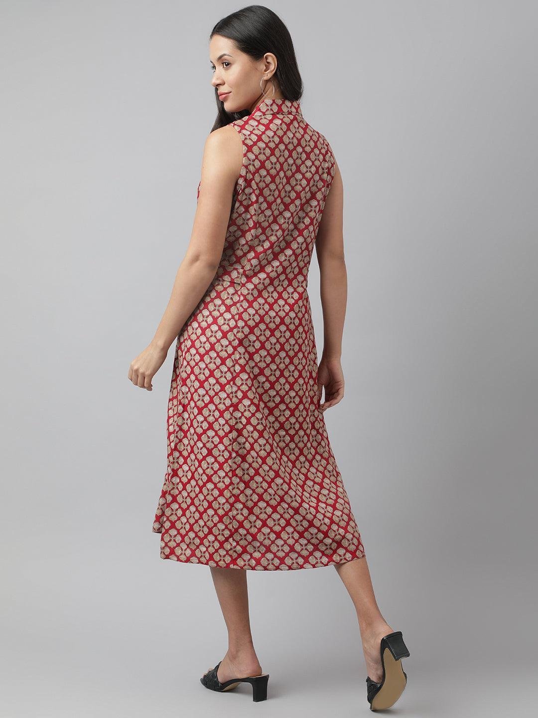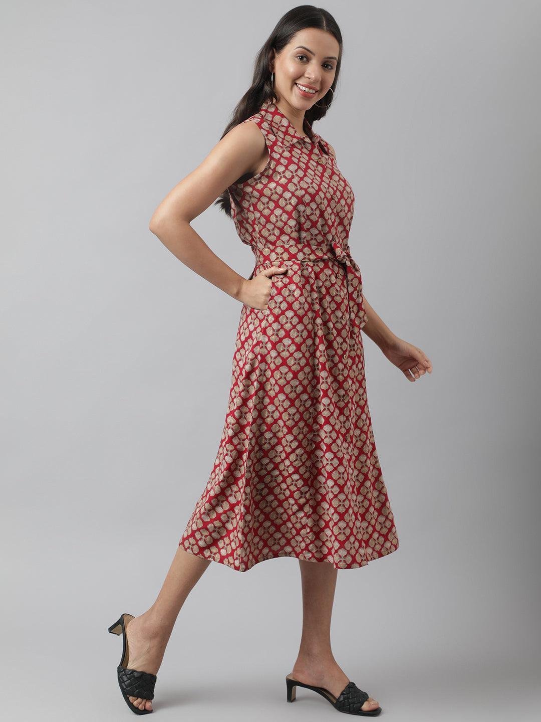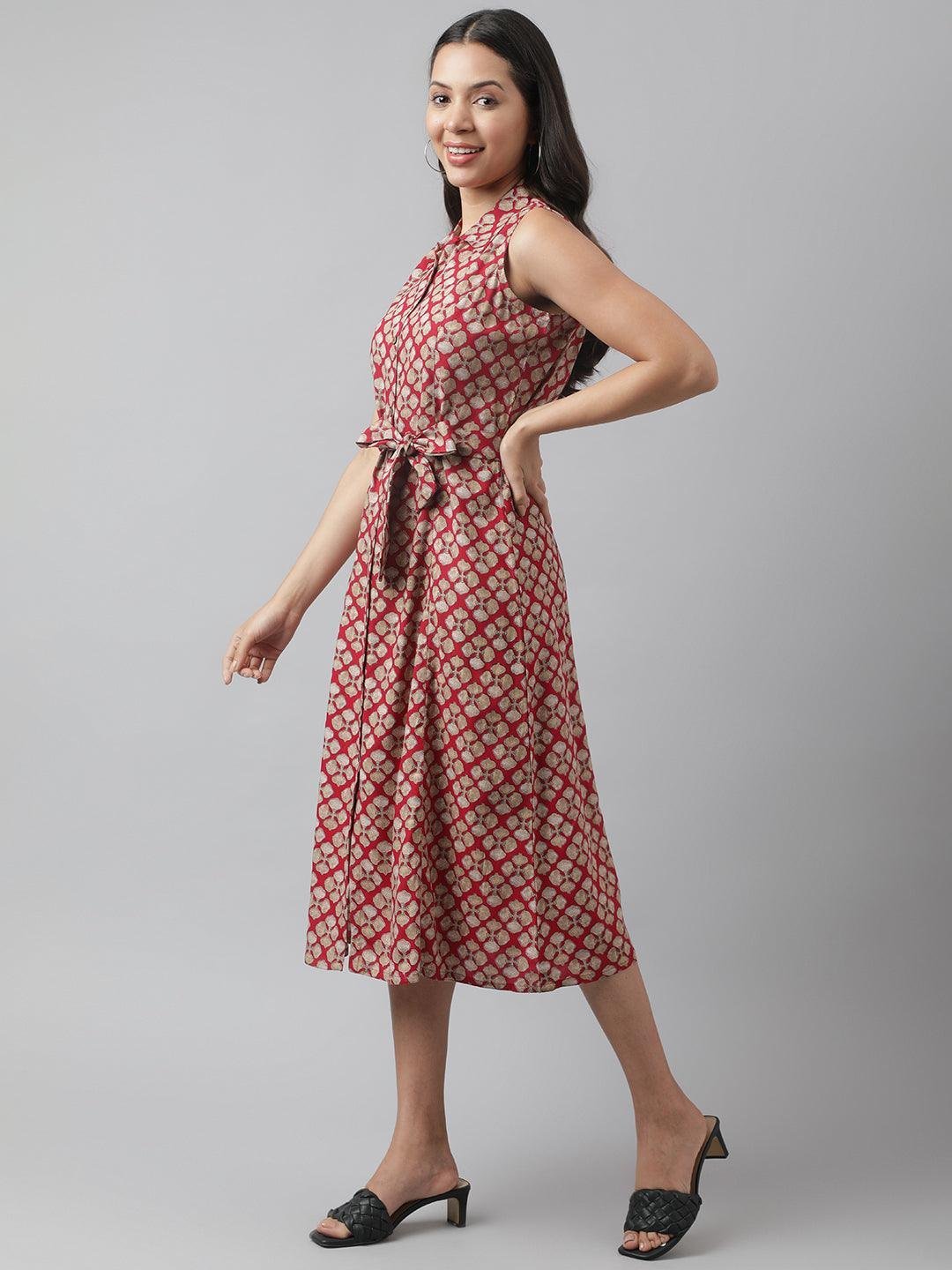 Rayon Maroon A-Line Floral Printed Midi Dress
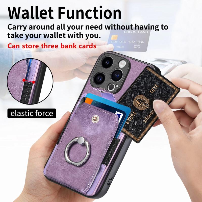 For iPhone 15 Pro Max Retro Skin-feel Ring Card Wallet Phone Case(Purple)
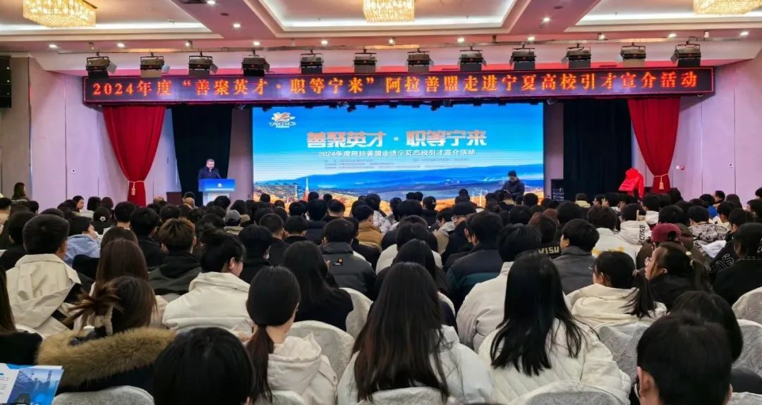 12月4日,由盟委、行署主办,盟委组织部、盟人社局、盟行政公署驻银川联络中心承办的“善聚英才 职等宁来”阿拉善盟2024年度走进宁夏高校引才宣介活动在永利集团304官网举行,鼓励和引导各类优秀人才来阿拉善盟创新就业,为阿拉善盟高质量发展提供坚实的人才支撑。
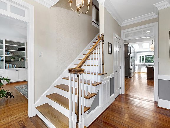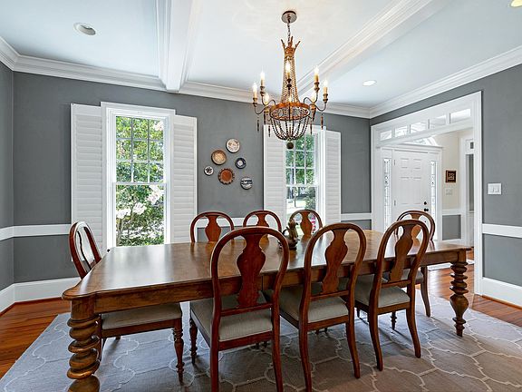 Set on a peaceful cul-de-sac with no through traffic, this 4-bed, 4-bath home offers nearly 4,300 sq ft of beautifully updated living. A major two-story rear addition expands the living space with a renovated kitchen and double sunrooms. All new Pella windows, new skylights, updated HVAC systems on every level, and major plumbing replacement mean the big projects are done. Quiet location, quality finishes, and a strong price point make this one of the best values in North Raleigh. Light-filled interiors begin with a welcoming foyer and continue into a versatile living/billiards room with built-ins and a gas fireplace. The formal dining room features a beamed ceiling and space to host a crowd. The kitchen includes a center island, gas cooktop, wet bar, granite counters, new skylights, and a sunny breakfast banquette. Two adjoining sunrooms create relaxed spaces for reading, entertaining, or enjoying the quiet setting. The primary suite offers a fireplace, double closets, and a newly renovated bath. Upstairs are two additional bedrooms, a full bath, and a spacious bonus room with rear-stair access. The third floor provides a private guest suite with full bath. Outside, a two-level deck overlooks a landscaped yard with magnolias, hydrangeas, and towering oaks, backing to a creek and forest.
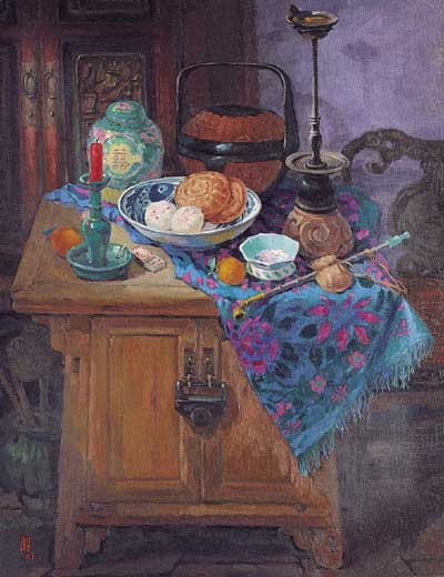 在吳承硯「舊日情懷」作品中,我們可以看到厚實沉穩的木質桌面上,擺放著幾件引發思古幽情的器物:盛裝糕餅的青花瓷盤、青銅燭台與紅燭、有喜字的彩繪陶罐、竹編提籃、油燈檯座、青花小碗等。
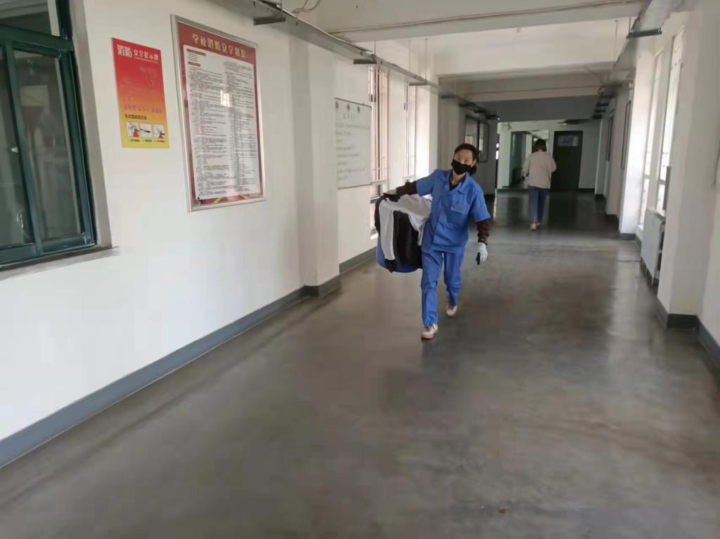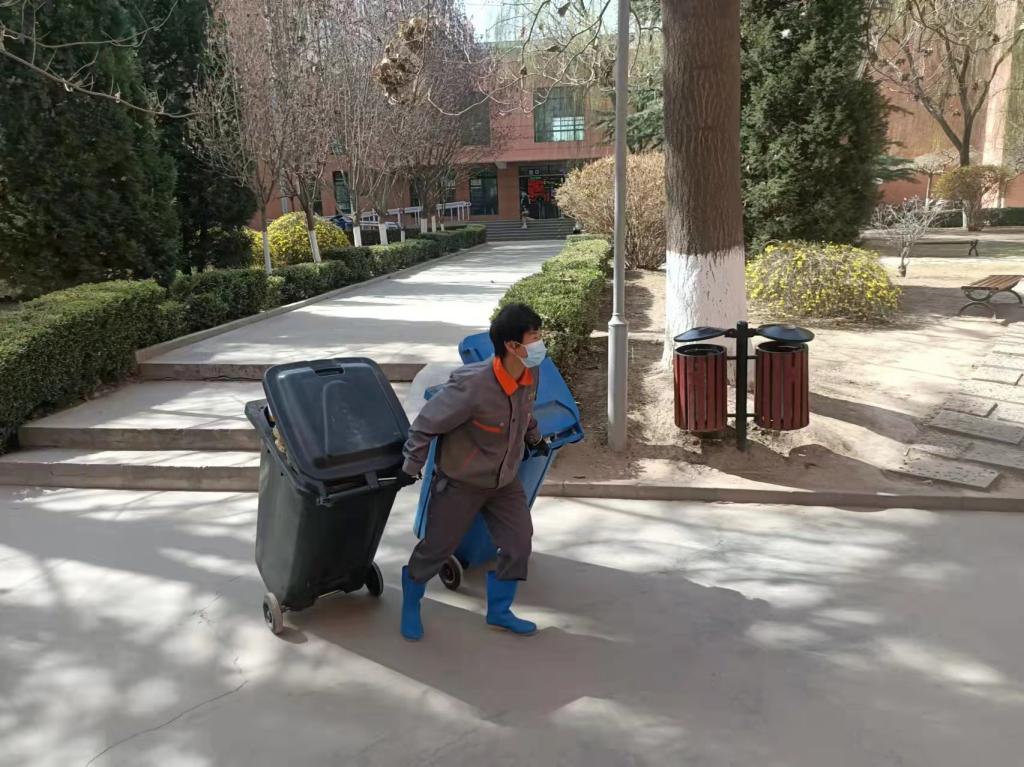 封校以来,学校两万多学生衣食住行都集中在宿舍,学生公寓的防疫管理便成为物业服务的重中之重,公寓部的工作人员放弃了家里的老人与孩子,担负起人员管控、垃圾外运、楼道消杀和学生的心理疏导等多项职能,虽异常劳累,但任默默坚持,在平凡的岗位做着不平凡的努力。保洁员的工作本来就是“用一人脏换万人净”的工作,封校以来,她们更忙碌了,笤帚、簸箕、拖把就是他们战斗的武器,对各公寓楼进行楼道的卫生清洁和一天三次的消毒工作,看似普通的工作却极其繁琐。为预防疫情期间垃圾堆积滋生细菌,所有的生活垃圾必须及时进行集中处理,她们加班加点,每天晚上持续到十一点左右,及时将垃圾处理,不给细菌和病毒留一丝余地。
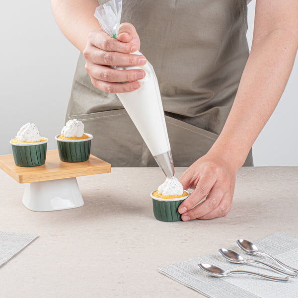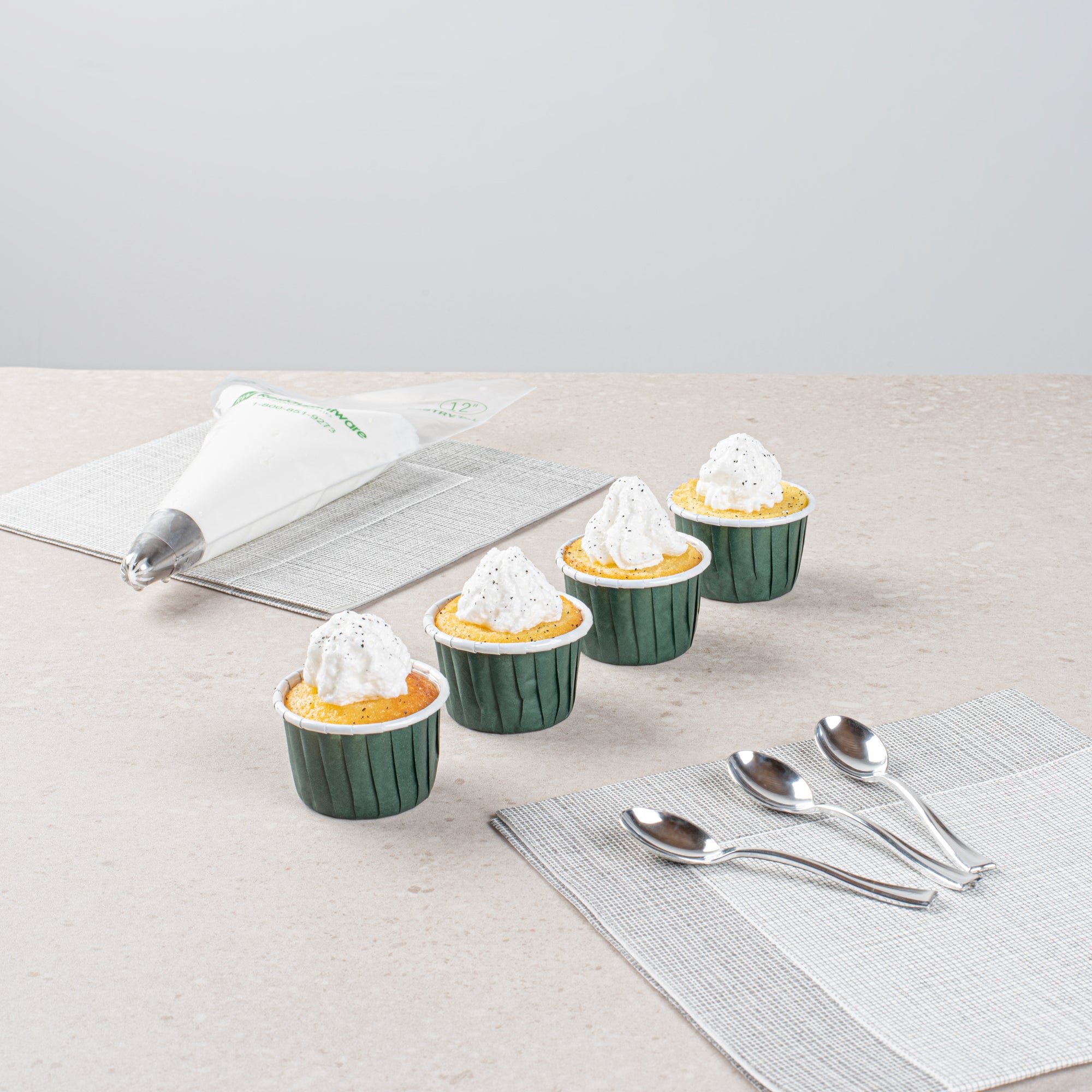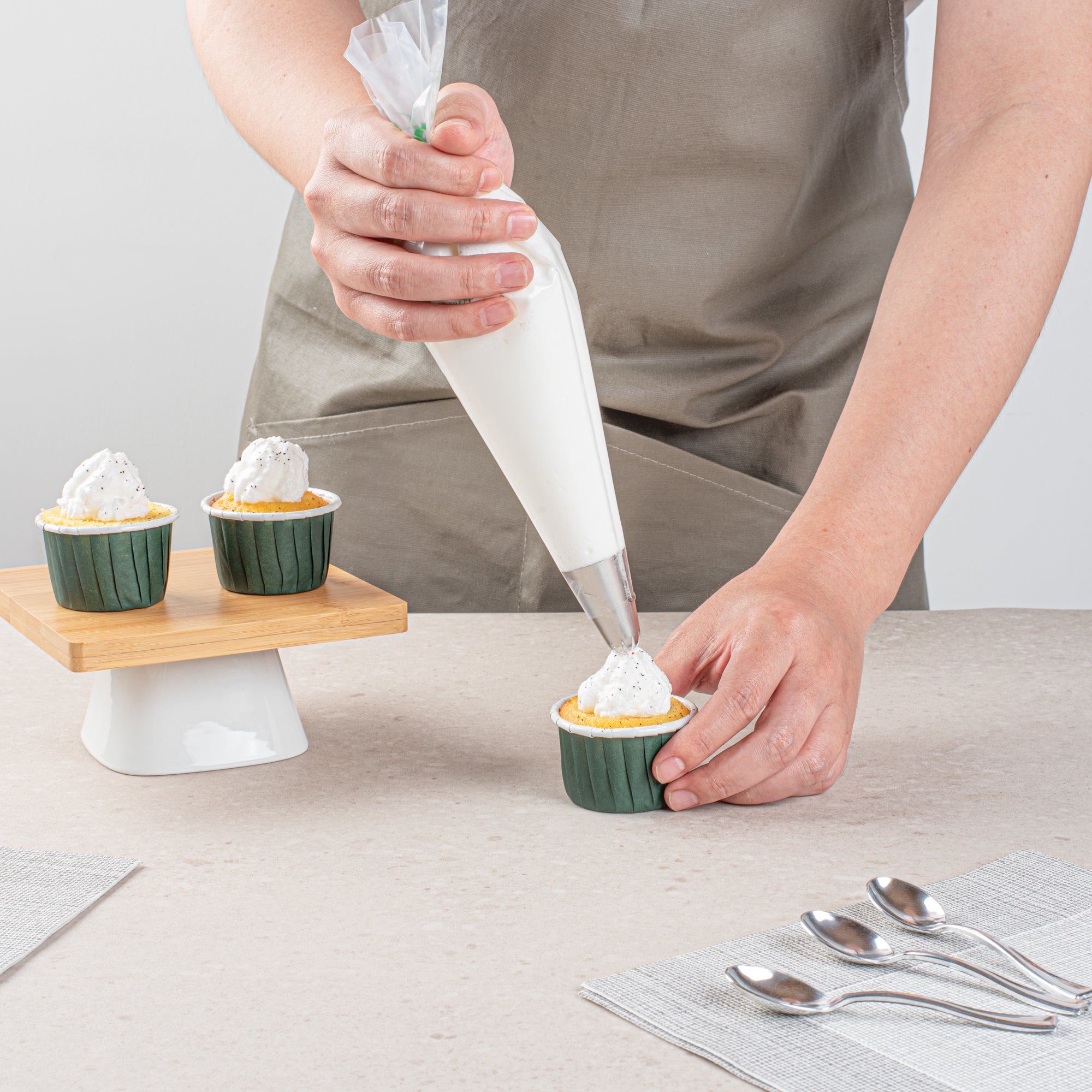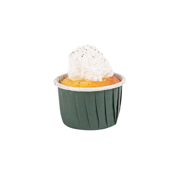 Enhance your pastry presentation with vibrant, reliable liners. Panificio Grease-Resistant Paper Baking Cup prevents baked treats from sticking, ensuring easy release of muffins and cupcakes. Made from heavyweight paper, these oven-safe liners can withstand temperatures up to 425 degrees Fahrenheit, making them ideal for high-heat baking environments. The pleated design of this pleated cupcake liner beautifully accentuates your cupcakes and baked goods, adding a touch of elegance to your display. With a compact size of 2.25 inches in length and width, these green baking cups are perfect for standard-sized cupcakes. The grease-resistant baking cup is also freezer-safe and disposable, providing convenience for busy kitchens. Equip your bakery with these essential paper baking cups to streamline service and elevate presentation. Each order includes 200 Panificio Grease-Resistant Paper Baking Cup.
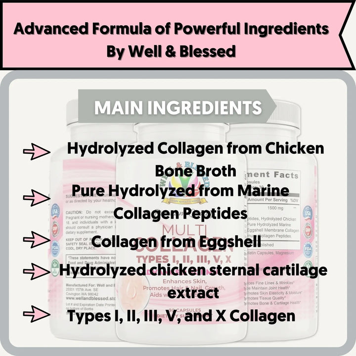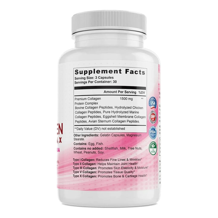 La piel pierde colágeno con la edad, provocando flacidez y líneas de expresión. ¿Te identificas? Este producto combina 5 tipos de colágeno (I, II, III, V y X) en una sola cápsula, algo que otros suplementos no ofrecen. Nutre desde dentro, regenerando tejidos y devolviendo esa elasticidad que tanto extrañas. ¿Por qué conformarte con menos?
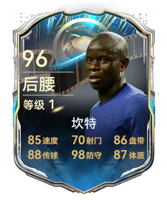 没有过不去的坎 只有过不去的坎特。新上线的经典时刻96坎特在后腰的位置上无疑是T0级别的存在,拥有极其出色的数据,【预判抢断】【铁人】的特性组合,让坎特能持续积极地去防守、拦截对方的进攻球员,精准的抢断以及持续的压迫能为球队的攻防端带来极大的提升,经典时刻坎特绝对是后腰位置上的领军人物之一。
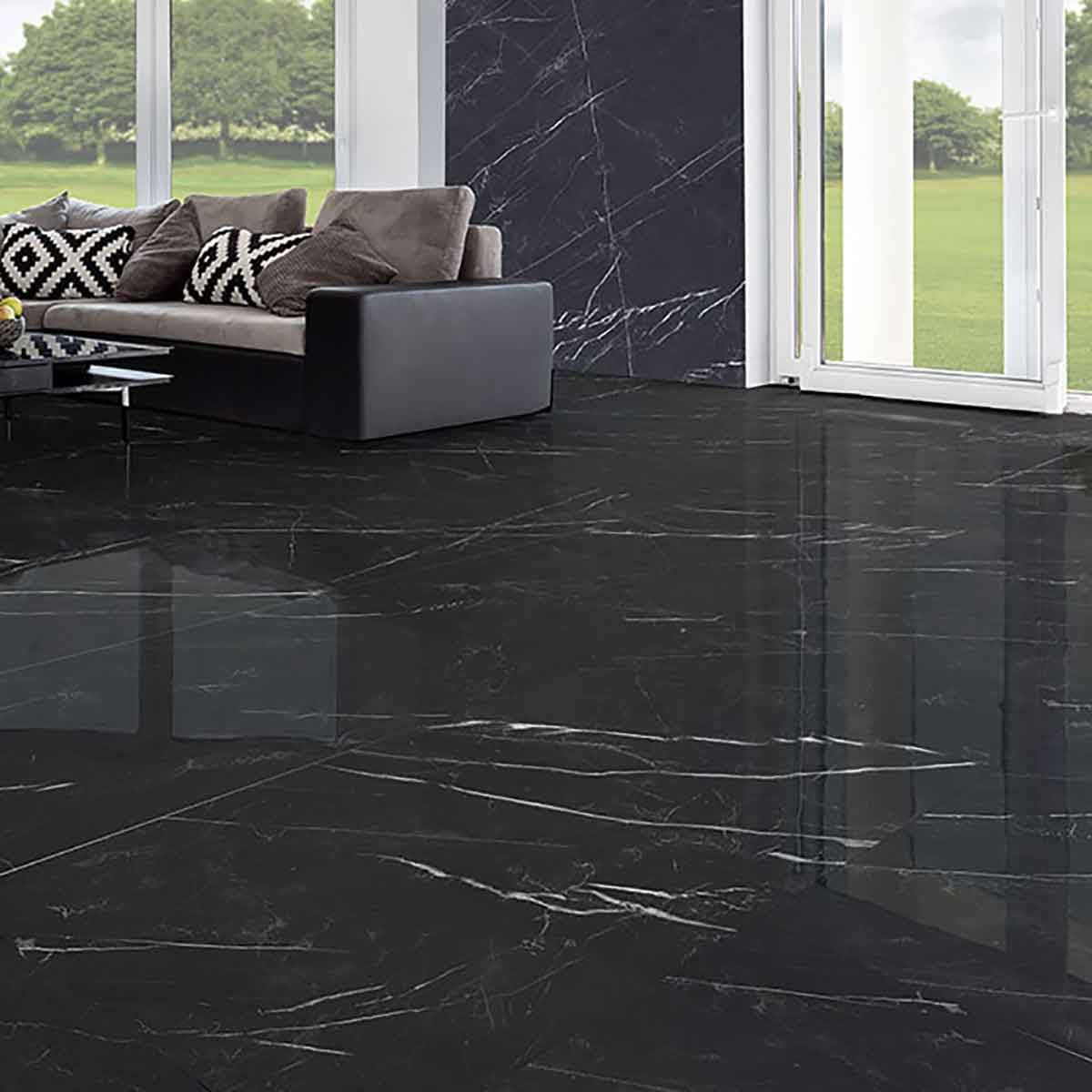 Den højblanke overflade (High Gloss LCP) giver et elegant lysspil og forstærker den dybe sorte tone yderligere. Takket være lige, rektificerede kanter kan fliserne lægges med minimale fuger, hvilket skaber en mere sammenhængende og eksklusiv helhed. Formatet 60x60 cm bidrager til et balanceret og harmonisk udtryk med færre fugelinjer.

• Task brief:
Look above for the line holding "Set on a peaceful" and output everything from it down to the line holding "封校以来,学校两万多学生衣食", both ends included, exactly and without images.

• Written response:
 Set on a peaceful cul-de-sac with no through traffic, this 4-bed, 4-bath home offers nearly 4,300 sq ft of beautifully updated living. A major two-story rear addition expands the living space with a renovated kitchen and double sunrooms. All new Pella windows, new skylights, updated HVAC systems on every level, and major plumbing replacement mean the big projects are done. Quiet location, quality finishes, and a strong price point make this one of the best values in North Raleigh. Light-filled interiors begin with a welcoming foyer and continue into a versatile living/billiards room with built-ins and a gas fireplace. The formal dining room features a beamed ceiling and space to host a crowd. The kitchen includes a center island, gas cooktop, wet bar, granite counters, new skylights, and a sunny breakfast banquette. Two adjoining sunrooms create relaxed spaces for reading, entertaining, or enjoying the quiet setting. The primary suite offers a fireplace, double closets, and a newly renovated bath. Upstairs are two additional bedrooms, a full bath, and a spacious bonus room with rear-stair access. The third floor provides a private guest suite with full bath. Outside, a two-level deck overlooks a landscaped yard with magnolias, hydrangeas, and towering oaks, backing to a creek and forest.
 在吳承硯「舊日情懷」作品中,我們可以看到厚實沉穩的木質桌面上,擺放著幾件引發思古幽情的器物:盛裝糕餅的青花瓷盤、青銅燭台與紅燭、有喜字的彩繪陶罐、竹編提籃、油燈檯座、青花小碗等。
 封校以来,学校两万多学生衣食住行都集中在宿舍,学生公寓的防疫管理便成为物业服务的重中之重,公寓部的工作人员放弃了家里的老人与孩子,担负起人员管控、垃圾外运、楼道消杀和学生的心理疏导等多项职能,虽异常劳累,但任默默坚持,在平凡的岗位做着不平凡的努力。保洁员的工作本来就是“用一人脏换万人净”的工作,封校以来,她们更忙碌了,笤帚、簸箕、拖把就是他们战斗的武器,对各公寓楼进行楼道的卫生清洁和一天三次的消毒工作,看似普通的工作却极其繁琐。为预防疫情期间垃圾堆积滋生细菌,所有的生活垃圾必须及时进行集中处理,她们加班加点,每天晚上持续到十一点左右,及时将垃圾处理,不给细菌和病毒留一丝余地。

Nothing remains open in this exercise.